### Action item
The material below is to be copied exactly from the line with "Das Travelodge Myeongdong" up to and including the line with "- STORY GUIDE: An", with nothing else kept and no pictures.

### Supplied information
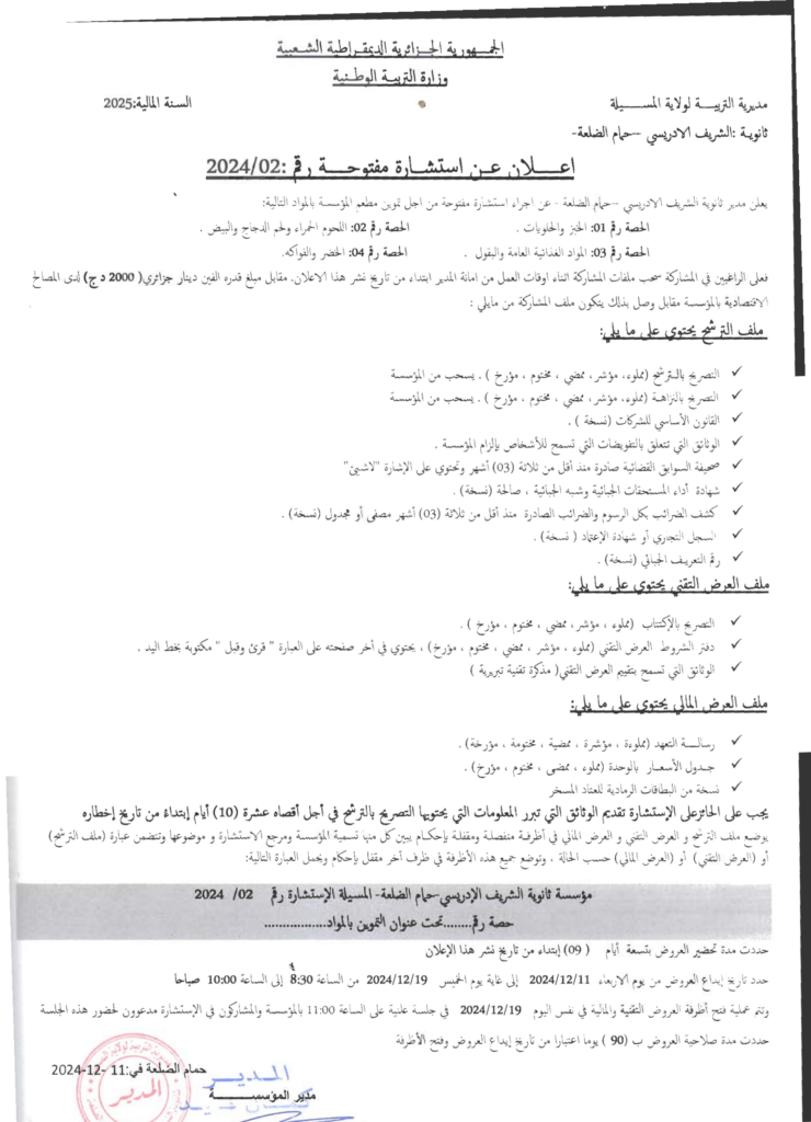 إعلان عن استشارة مفتوحة 2024/02 ثانوية الشريف الادريسي -حمام الضلعة-
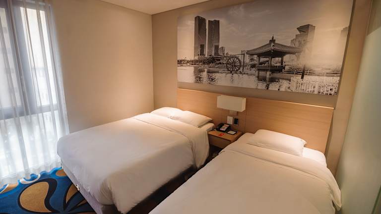 Das Travelodge Myeongdong Euljiro in Seoul bietet eine ausgezeichnete Unterkunft für Reisende, die die Stadt erkunden möchten. Mit seinem Highspeed-WLAN und dem rund um die Uhr verfügbaren Support sind Sie immer bestens vernetzt und finden sich problemlos in der lebendigen Metropole zurecht. Die zentrale Lage ermöglicht es Ihnen, die öffentlichen Verkehrsmittel bequem zu erreichen und Seouls erstklassiges Einkaufsviertel sowie das berühmte Streetfood-Paradies in Myeongdong zu Fuß zu erkunden. Die Zimmer sind modern und minimalistisch gestaltet und bieten mit kreativen Wandmalereien einen ruhigen Rückzugsort. Das Hotel verfügt außerdem über Annehmlichkeiten wie einen Selbstbedienungswaschsalon, ein Parksystem und einen Gemeinschaftsraum.
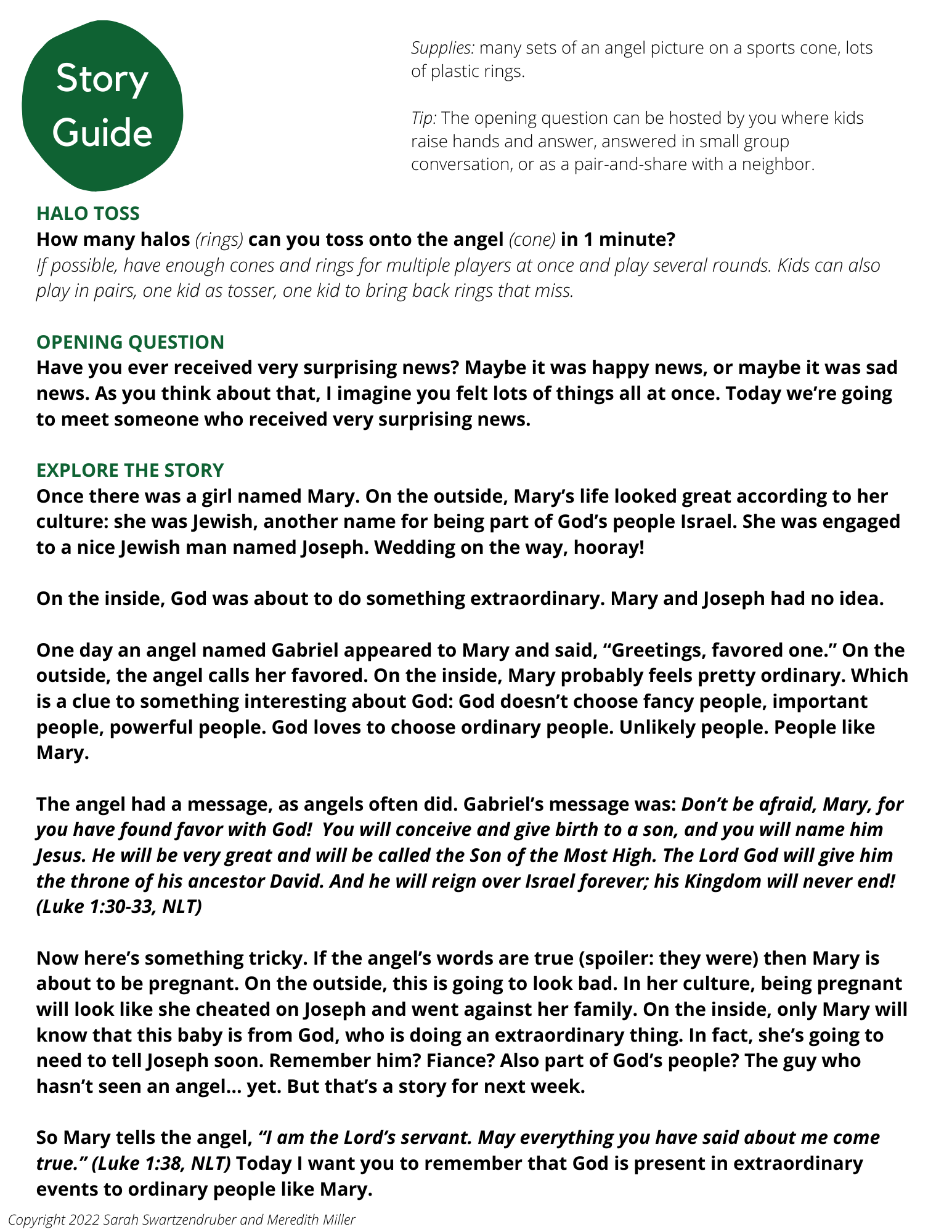 - STORY GUIDE: An age-accessible paraphrase of each story.
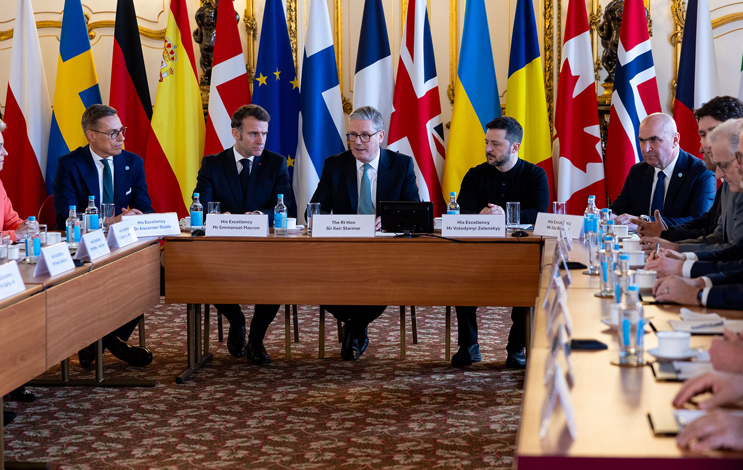 İngiltere Dışişleri Bakanlığının tarihi Lancaster House yerleşkesinde düzenlenen ve ana gündem maddesi Ukrayna'da kalıcı barış ve Avrupa güvenliği olan zirveye Ukrayna, Fransa, Almanya, Danimarka, İtalya, Hollanda, Norveç, Polonya, İspanya, Türkiye, Kanada, Finlandiya, İsveç, Çekya ve Romanya'dan devlet liderleri ve bakanlar katıldı.
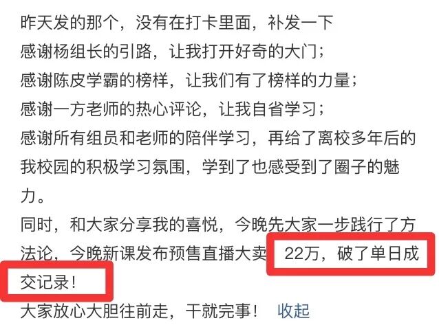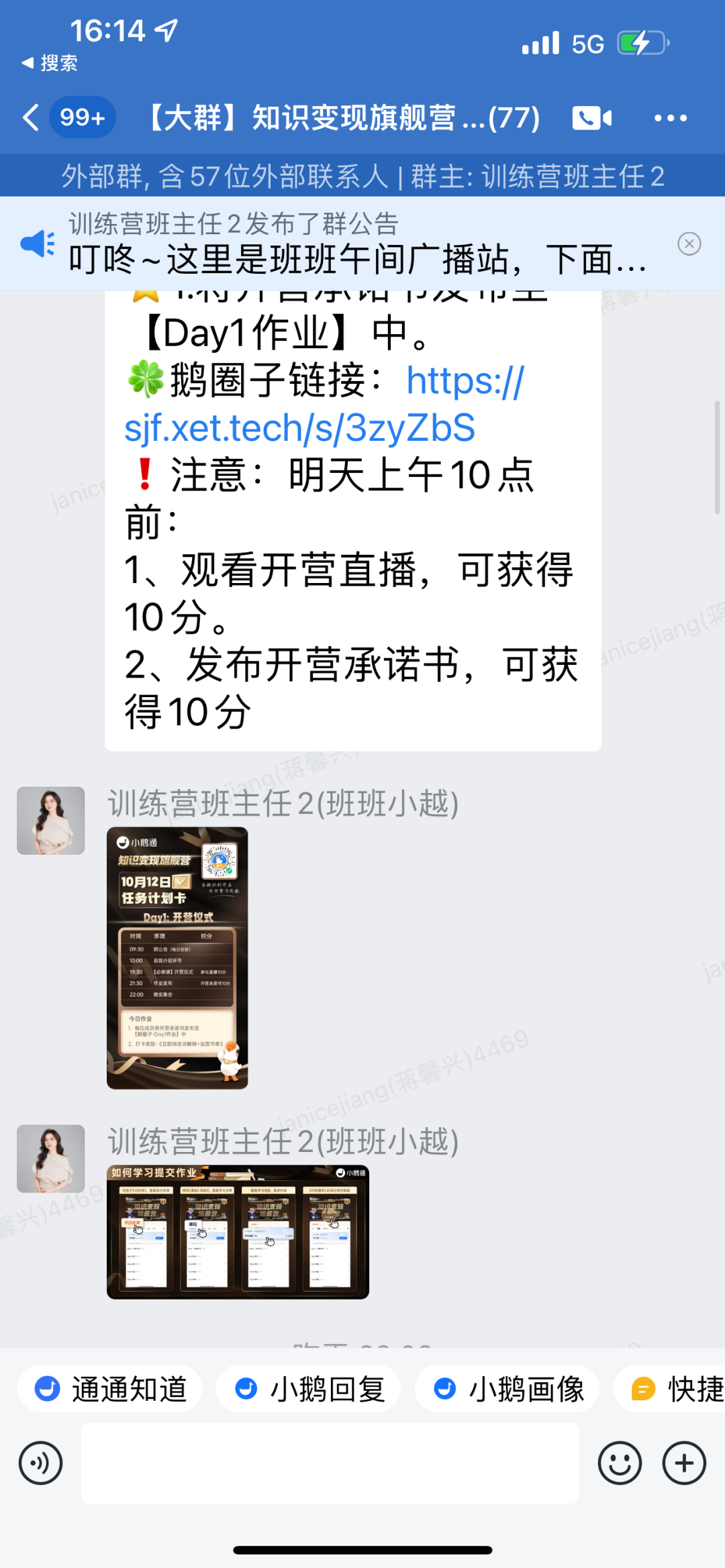 于是,我们在8月开办了第一期「知识变现旗舰营」,通过一周的时间帮助同学们掌握一套私域成交的变现路径,让大家在工作中拿到成果,提升职业竞争力。

### Answer
 Das Travelodge Myeongdong Euljiro in Seoul bietet eine ausgezeichnete Unterkunft für Reisende, die die Stadt erkunden möchten. Mit seinem Highspeed-WLAN und dem rund um die Uhr verfügbaren Support sind Sie immer bestens vernetzt und finden sich problemlos in der lebendigen Metropole zurecht. Die zentrale Lage ermöglicht es Ihnen, die öffentlichen Verkehrsmittel bequem zu erreichen und Seouls erstklassiges Einkaufsviertel sowie das berühmte Streetfood-Paradies in Myeongdong zu Fuß zu erkunden. Die Zimmer sind modern und minimalistisch gestaltet und bieten mit kreativen Wandmalereien einen ruhigen Rückzugsort. Das Hotel verfügt außerdem über Annehmlichkeiten wie einen Selbstbedienungswaschsalon, ein Parksystem und einen Gemeinschaftsraum.
 - STORY GUIDE: An age-accessible paraphrase of each story.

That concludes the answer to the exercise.